Information shown START

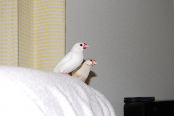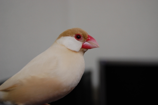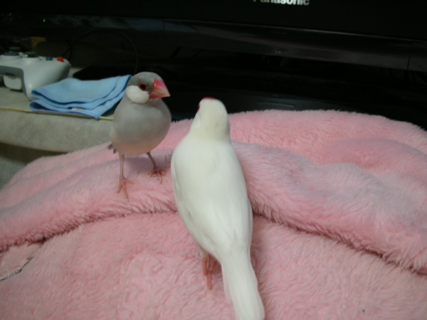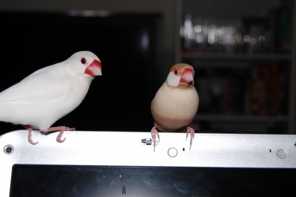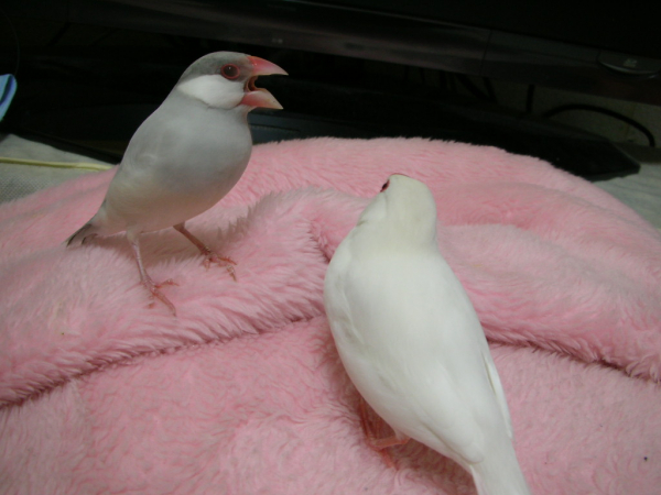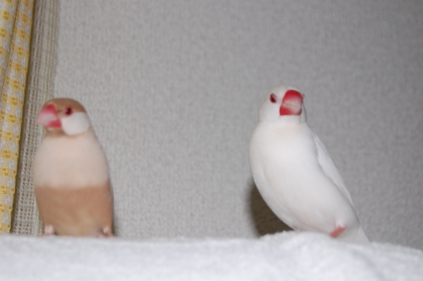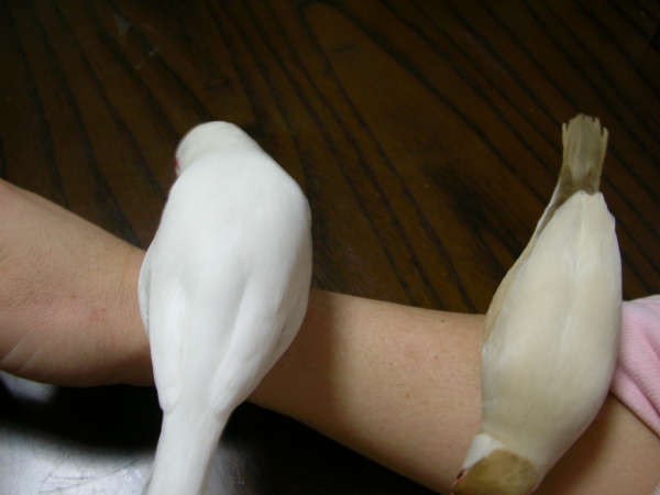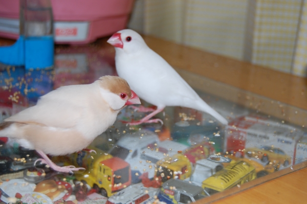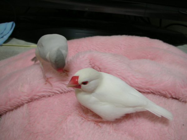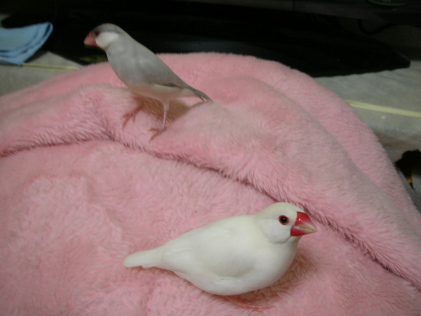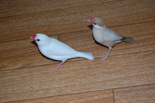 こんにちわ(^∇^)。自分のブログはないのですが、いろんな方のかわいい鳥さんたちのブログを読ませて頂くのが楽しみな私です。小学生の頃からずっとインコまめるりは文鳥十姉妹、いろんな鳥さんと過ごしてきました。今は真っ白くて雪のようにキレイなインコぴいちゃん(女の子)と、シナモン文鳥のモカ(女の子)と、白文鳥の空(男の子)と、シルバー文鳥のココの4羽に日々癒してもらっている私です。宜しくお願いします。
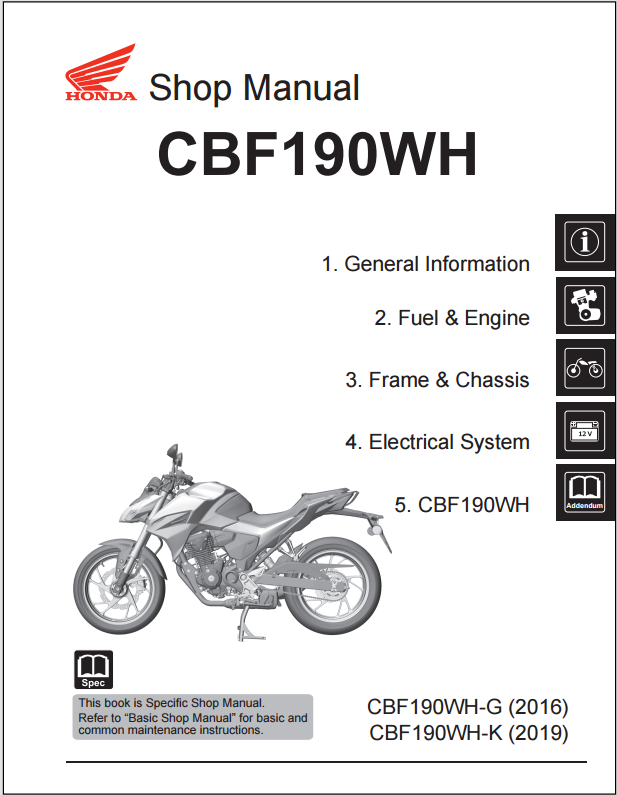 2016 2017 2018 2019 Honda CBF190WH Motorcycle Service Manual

Information shown END
Information shown START

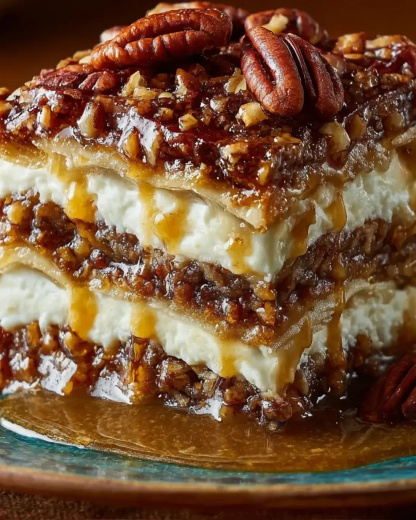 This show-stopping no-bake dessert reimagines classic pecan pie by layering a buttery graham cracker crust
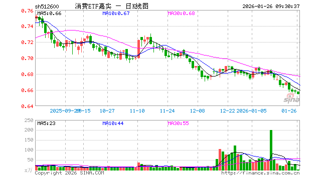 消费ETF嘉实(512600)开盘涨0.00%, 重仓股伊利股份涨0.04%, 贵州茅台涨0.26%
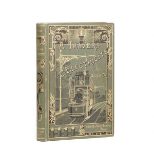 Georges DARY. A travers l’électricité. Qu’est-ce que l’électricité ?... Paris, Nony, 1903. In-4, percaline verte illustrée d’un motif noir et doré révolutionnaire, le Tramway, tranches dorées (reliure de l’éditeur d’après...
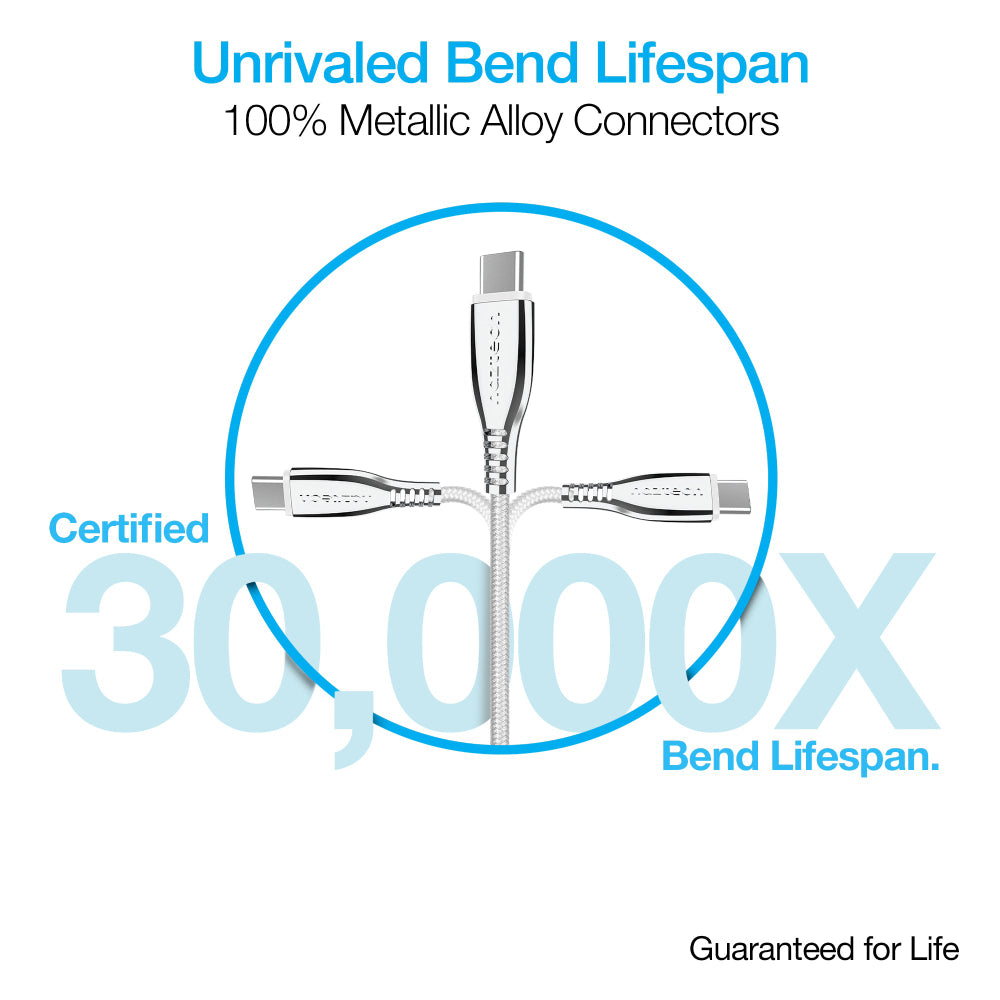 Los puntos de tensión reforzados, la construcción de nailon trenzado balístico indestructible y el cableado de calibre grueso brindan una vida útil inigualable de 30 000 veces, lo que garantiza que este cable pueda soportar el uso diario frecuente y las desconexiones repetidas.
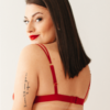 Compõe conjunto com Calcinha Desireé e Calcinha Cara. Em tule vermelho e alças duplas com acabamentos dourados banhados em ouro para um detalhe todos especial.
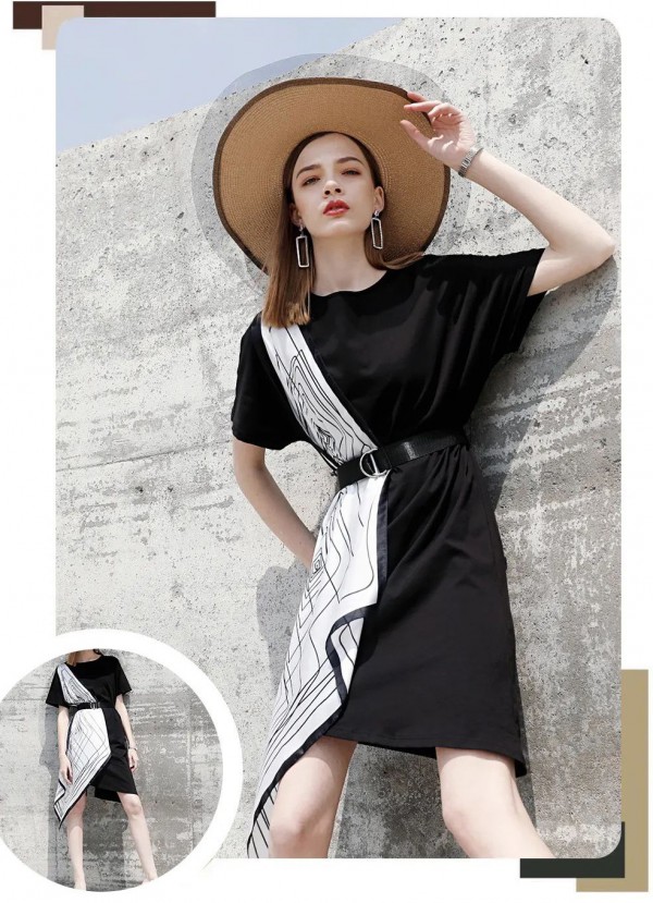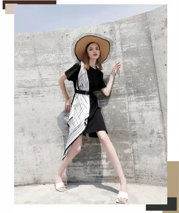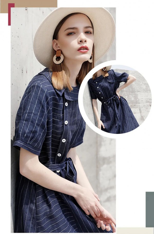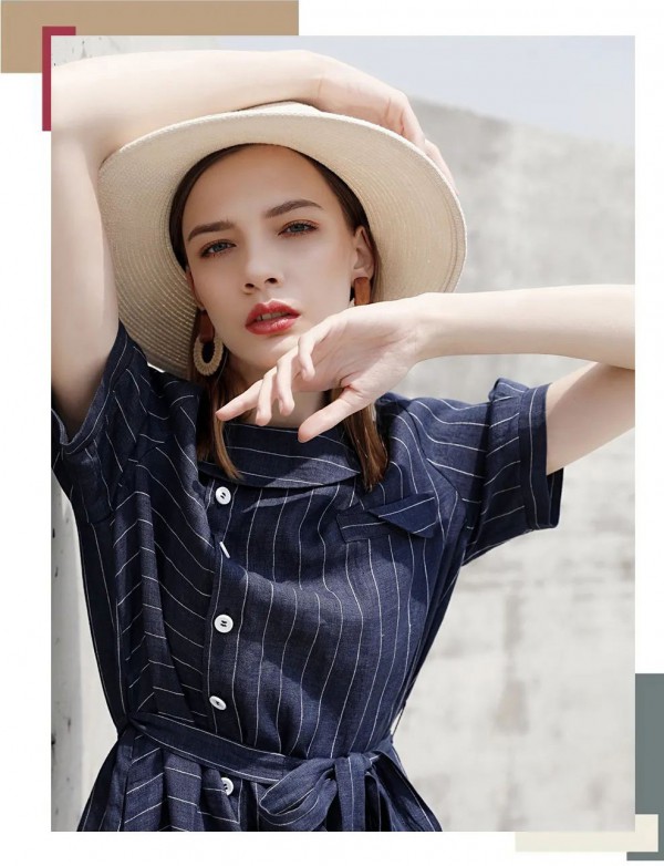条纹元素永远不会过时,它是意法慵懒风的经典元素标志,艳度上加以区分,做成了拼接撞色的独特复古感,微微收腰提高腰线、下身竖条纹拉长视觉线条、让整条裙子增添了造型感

Information shown END
Information shown START

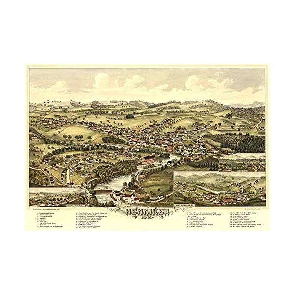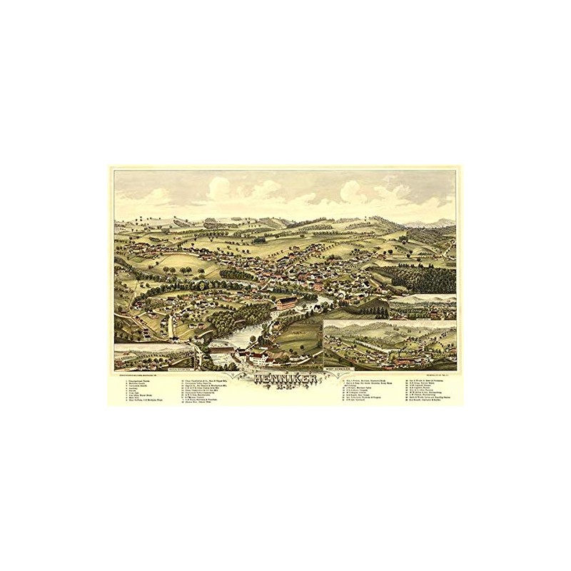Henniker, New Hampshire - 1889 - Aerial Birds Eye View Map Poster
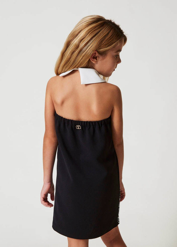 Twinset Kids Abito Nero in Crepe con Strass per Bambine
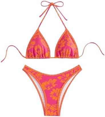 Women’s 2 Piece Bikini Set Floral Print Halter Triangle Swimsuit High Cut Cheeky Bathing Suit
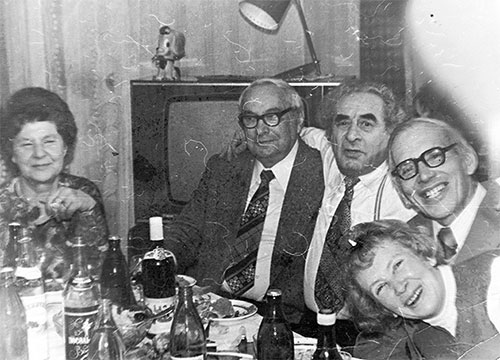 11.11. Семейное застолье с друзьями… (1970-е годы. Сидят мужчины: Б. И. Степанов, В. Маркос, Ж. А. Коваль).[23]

Information shown END

▸ **Directions**:
Above are the records; please give again, exactly and in full, only the lines that run from the line with "こんにちわ(^∇^)。自分の" through the line with "2016 2017 2018", with no pictures.

▸ **Written response**:
 こんにちわ(^∇^)。自分のブログはないのですが、いろんな方のかわいい鳥さんたちのブログを読ませて頂くのが楽しみな私です。小学生の頃からずっとインコまめるりは文鳥十姉妹、いろんな鳥さんと過ごしてきました。今は真っ白くて雪のようにキレイなインコぴいちゃん(女の子)と、シナモン文鳥のモカ(女の子)と、白文鳥の空(男の子)と、シルバー文鳥のココの4羽に日々癒してもらっている私です。宜しくお願いします。
 2016 2017 2018 2019 Honda CBF190WH Motorcycle Service Manual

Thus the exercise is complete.